I quote poet David Whyte at the start of the book. Whyte said, “All friendships of any length are based on a continued, mutual forgiveness. Without tolerance and mercy, all friendships die.” I love this — so I felt that I needed to put in the book everything for which we needed to forgive each other, and did.
Do you have other friendships in your life that you regard as both “unexpected” and important? Do you think lots of other people have them, too?
I do have several other unexpected friendships, but none where we started out anywhere near as far apart as Maxey and I were when we met. What has delighted me is finding out that many of my friends have a Maxey in their life, or a me if they are more like Maxey. But it takes effort to make this kind of friendship, and to maintain it. It was really Maxey who first reached out to me and not the other way around. Then it was thanks to a mutual friend, a major character in the book, that Maxey and I stayed in touch.
Do you think the fear of rejection is one of the big reasons we don’t easily invest in relationships outside of our circles?

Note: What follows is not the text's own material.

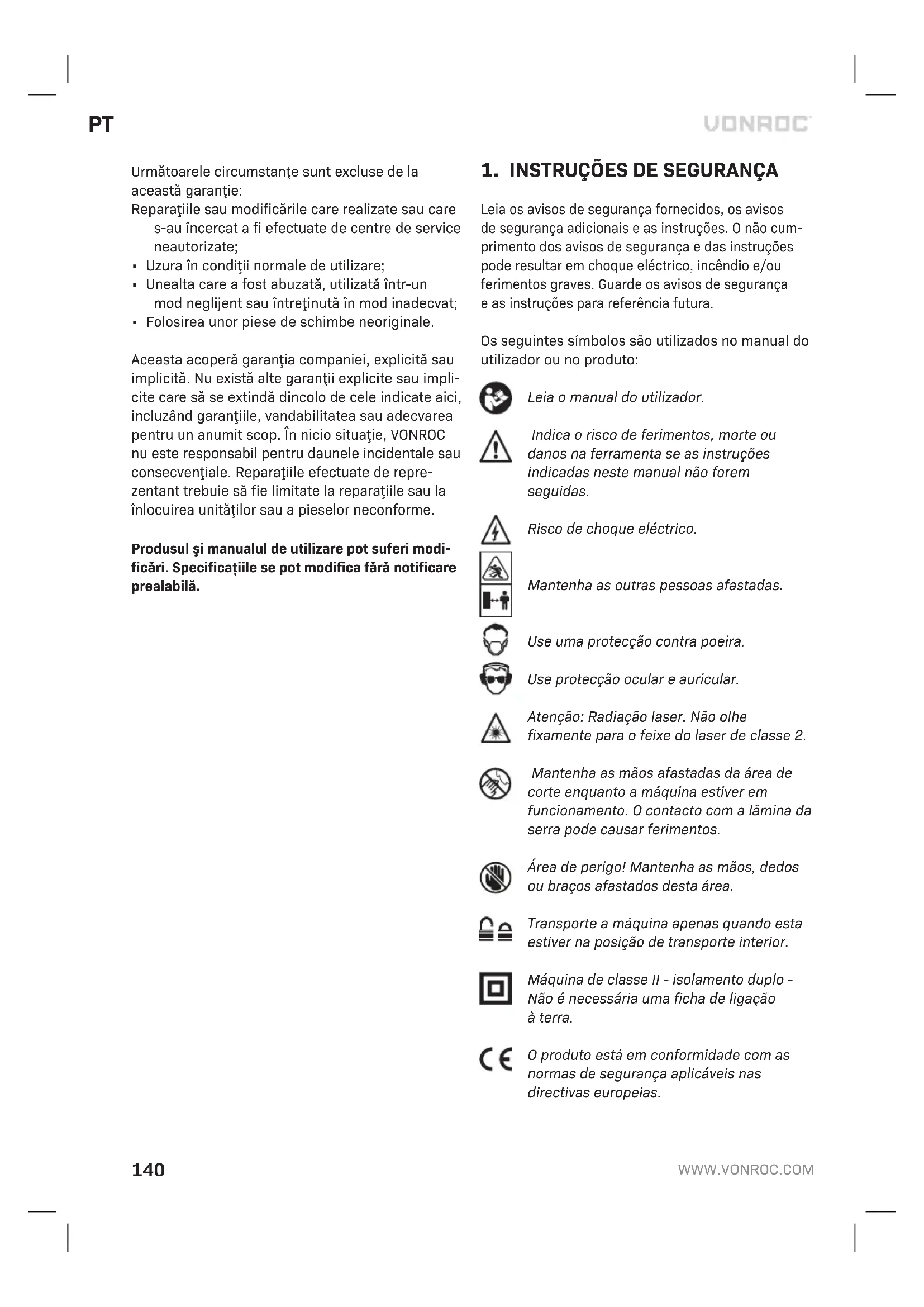 AMBIENTE Os equipamentos eléctricos ou electrónicos defeituosos e/ou eliminados devem ser recolhidos em locais de reciclagem adequa- dos. Apenas para os países da CE Não elimine as ferramentas eléctricas em conjun- to com os resíduos domésticos. De acordo com a directiva europeia 2012/19/UE sobre resíduos de equipamentos eléctricos e electrónicos e a respectiva implementação na legislação nacional, as ferramentas eléctricas que já não sejam utilizadas devem ser recolhidas em separado e eliminadas de maneira ecológica. GARANTIA Os produtos da VONROC são desenvolvidos de acordo com os padrões de qualidade mais elevados e não apresentam quaisquer defeitos em termos de materiais e mão-de-obra em relação ao período estipulado por lei, cujo início é a partir da data de compra original. Se o produto apresentar qual- quer falha durante este período devido a qualquer defeito no material e/ou de mão-de-obra, contacte a VONROC directamente. As seguintes circunstâncias estão excluídas desta garantia:

I think we make assumptions about others based on superficial things: how people dress, how they talk, what activities they do or don’t do, where they’re from. It’s human nature; it’s certainly easier to seek out and spend time with people who seem to be exactly like us. And, yes, fear of rejection plays a huge role in keeping us from leaving our safe zones and meeting others on neutral ground or in theirs. It’s scary to put yourself out there. But I believe that true friendship is based on shared values far more than shared interests. Ultimately, how people behave, how they treat their friends and strangers, will let you know whether to invest in a relationship, whether inside your circle or not.
In an increasingly tribal world — where we line up so strongly on different sides of issues, big and small — how can we draw together by making efforts to get to know people who are (outwardly, at least) different from us?

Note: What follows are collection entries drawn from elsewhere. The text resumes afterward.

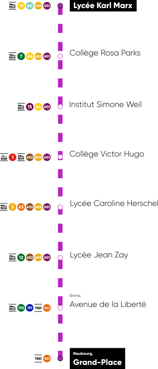 La ligne 651 est une ligne interurbaine à vocation scolaire qui relie les communes de Naubourg et de Brinte à plusieurs établissements scolaires de la ville-centre. Elle dessert le lycée technologique Jean Zay, le lycée général Caroline Herschel et le collège Victor Hugo, l’institut Simone Weil, le collège Rosa Parks et le lycée Karl Marx.
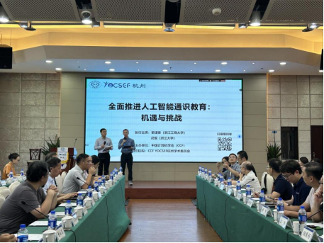 8月25日,中国计算机学会在杭州举办“全面推进人工智能通识教育:机遇与挑战”观点论坛,共同探讨全面推进人工智能通识教育必要性、可行性。此次论坛由中国计算机学会青年计算机科技论坛(CCF YOCSEF)主办,由CCF YOCSEF杭州学术委员会组织。此次论坛线下线上同步进行,活动讨论热烈,持续4个半小时,CCF YOCSEF杭州分论坛的AC、委员等近70余人线下参会,超过8000人线上观看。太阳成教学副院长朱凌、人工智能通识课骨干教师陈宪宇参加本次论坛。
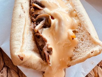 Thinly sliced steak, peppers, mushrooms, and onions topped with homemade cheese sauce.
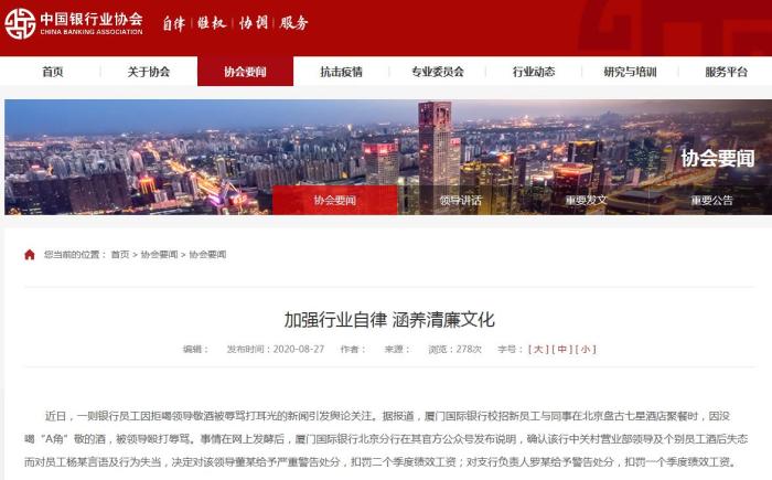 8月24日,廈門(mén)國(guó)際銀行北京分行發(fā)文證實(shí)此事并致歉。該行表示,員工楊某反映的中關(guān)村支行營(yíng)業(yè)部某領(lǐng)導(dǎo)及該支行個(gè)別員工在私下非公款聚餐中,確系存在因酒后失態(tài)而對(duì)楊某做出言語(yǔ)及行為失當(dāng)?shù)扰e動(dòng),上述行為確實(shí)對(duì)其本人造成了影響和傷害,對(duì)此深表歉意。
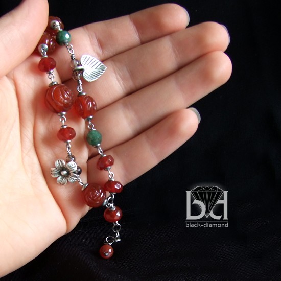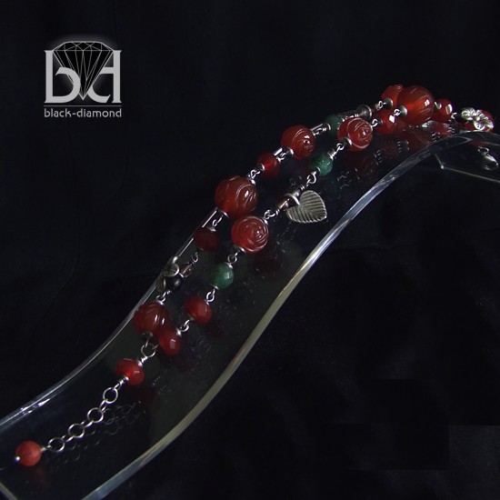 Okazała bransoleta wykonana z szlifowanych na kształt róży kamieni karneol, zielonego, pięknego minerału oraz srebra. Srebro zostało przeze mnie zoksydowane i zmatowione, co nadało bransoletce charakteru - przypomina wyjętą z babcinej szkatułki. Biżuterię otrzymasz w pudełeczku jubilerskim bez zbędnych napisów. Dzięki temu może stanowić idealny pomysł na prezent dla wyjątkowej kobiety. Długość: 19 cm + 2 cm przedłużki. Bransoletka będzie najlepiej pasowała na nadgarstek o obwodzie: 15,5-18cm.
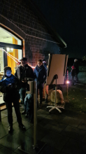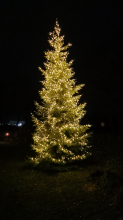 Am 26. November fand die 3. Weihnachtsbaum-Beleuchtungs-Zeremonie am Schützenhaus statt. "In diesem Jahr haben wir einen sehr großen Baum. Um genau zu sein ragt er 7,30 Meter aus der Erde und wurde mit 3.000 LED's geschmückt", verriet Patrick Panning als Initiator der Veranstaltung. Nur mit viel Kraft und fleißigen Helfern konnte der Baum, der von Wolfgang Badenhoop gestiftet wurde aufgestellt werden. Für das schmücken musste sogar ein Steiger besorgt werden.
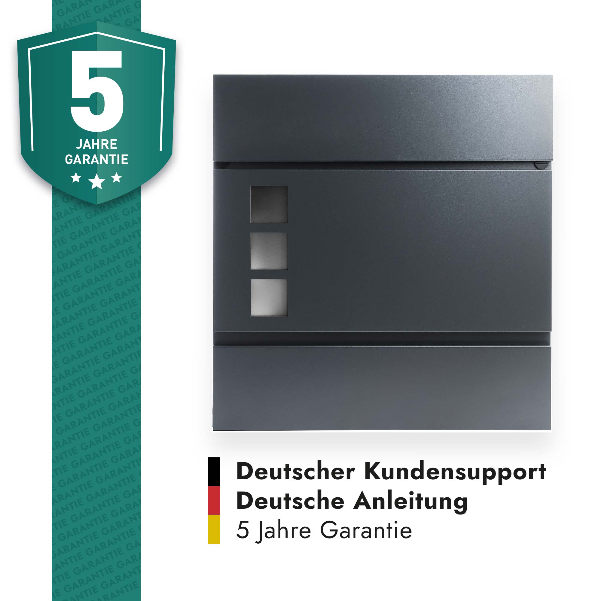 - Postkasten in Nordischem Design – Geradlinige Form mit eleganter Oberfläche in Anthrazit (RAL7016) – mit drei integrierten Lichtfenstern
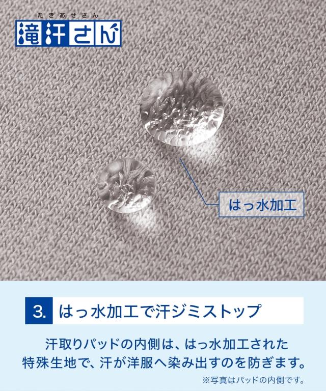 ・特殊な2重構造の汗取りパッド:肌側 汗やムレをしっかりキャッチして湿気を逃がします。
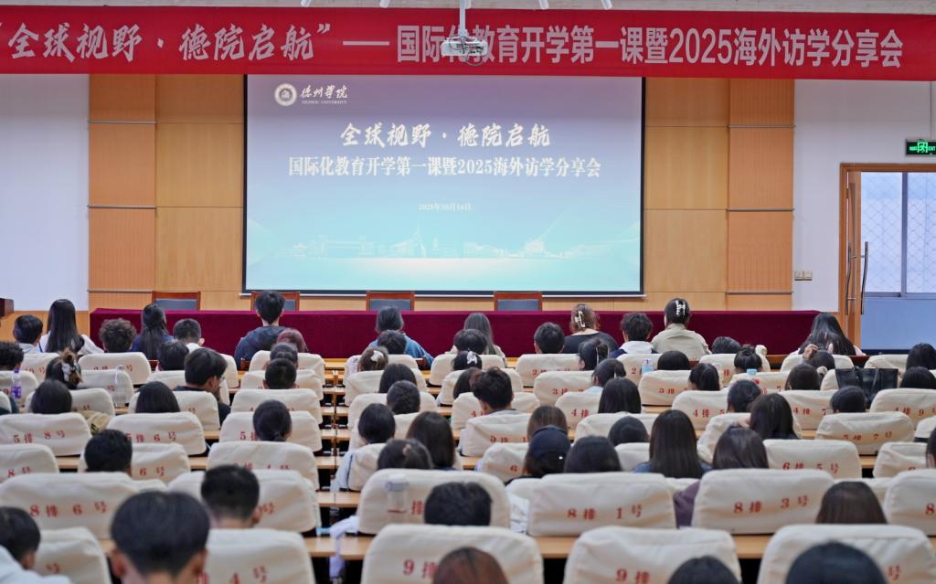为帮助2025级新生在入学伊始锚定发展方向、拓展全球视野、提升跨文化沟通能力,科学规划大学四年生涯,10月14日,“全球视野·德院启航”系列活动之一—国际化教育开学第一课暨2025海外访学分享会在厚德楼四楼报告厅举办。

This keeps me up at night! I worry in particular about social media — I fear it reinforces differences, even trivial ones, especially for young people. Again, this is one of the reasons I wrote the book. But I believe that we can make a habit of getting to know people who are different from us. I read an interesting study that showed that when you let students choose their own seats in a classroom, they tend to become friends with people who are very much like them. But if you assign seats, they become friends with the other students sitting near them, whether they’re alike or not. We need to put ourselves into social and work situations with people who are different from us. If we do, we can make unlikely friendships, enrich our lives, and maybe even help save the world.